Increased susceptibility to pulmonary Pseudomonas infection in Splunc1 knockout mice

Affiliations

Increased susceptibility to pulmonary Pseudomonas infection in Splunc1 knockout mice

Yanyan Liu et al. J Immunol. .

Abstract

The airway epithelium is the first line of host defense against pathogens. The short palate, lung, and nasal epithelium clone (SPLUNC)1 protein is secreted in respiratory tracts and is a member of the bacterial/permeability increasing (BPI) fold-containing protein family, which shares structural similarities with BPI-like proteins. On the basis of its homology with BPIs and restricted expression of SPLUNC1 in serous cells of submucosal glands and surface epithelial cells of the upper respiratory tract, SPLUNC1 is thought to possess antimicrobial activity in host defense. SPLUNC1 is also reported to have surfactant properties, which may contribute to anti-biofilm defenses. The objective of this study was to determine the in vivo functions of SPLUNC1 following Pseudomonas aeruginosa infection and to elucidate the underlying mechanism by using a knockout (KO) mouse model with a genetic ablation of Splunc1. Splunc1 KO mice showed accelerated mortality and increased susceptibility to P. aeruginosa infection with significantly decreased survival rates, increased bacterial burdens, exaggerated tissue injuries, and elevated proinflammatory cytokine levels as compared with those of their wild-type littermates.

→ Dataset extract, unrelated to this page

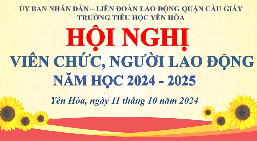 Trong không khí hào hùng kỉ niệm 70 năm Ngày Giải phóng Thủ đô (10/10/1954-10/10/2024), sáng Trong khoông khi ngày 11 tháng 10 năm 2024, trường Tiểu học Yên Hòa đã long trọng tổ chức Hội nghị viên chức, người lao động năm học 2024 – 2025. Hội nghị diễn ra thường lệ các năm với mục đích chính đánh giá toàn bộ quá trình hoạt động của nhà trường trong năm học vừa qua, đồng thời bàn về các giải pháp thực hiện các chỉ tiêu, kế hoạch cho năm học 2024-2025 sắp tới.

Increased neutrophil infiltration in Splunc1 KO mice was accompanied by elevated chemokine levels, including Cxcl1, Cxcl2, and Ccl20. Furthermore, the expression of several epithelial secretory proteins and antimicrobial molecules was considerably suppressed in the lungs of Splunc1 KO mice. The deficiency of Splunc1 in mouse airway epithelium also results in increased biofilm formation of P. aeruginosa. Taken together, our results support that the ablation of Splunc1 in mouse airways affects the mucociliary clearance, resulting in decreased innate immune response during Pseudomonas-induced respiratory infection.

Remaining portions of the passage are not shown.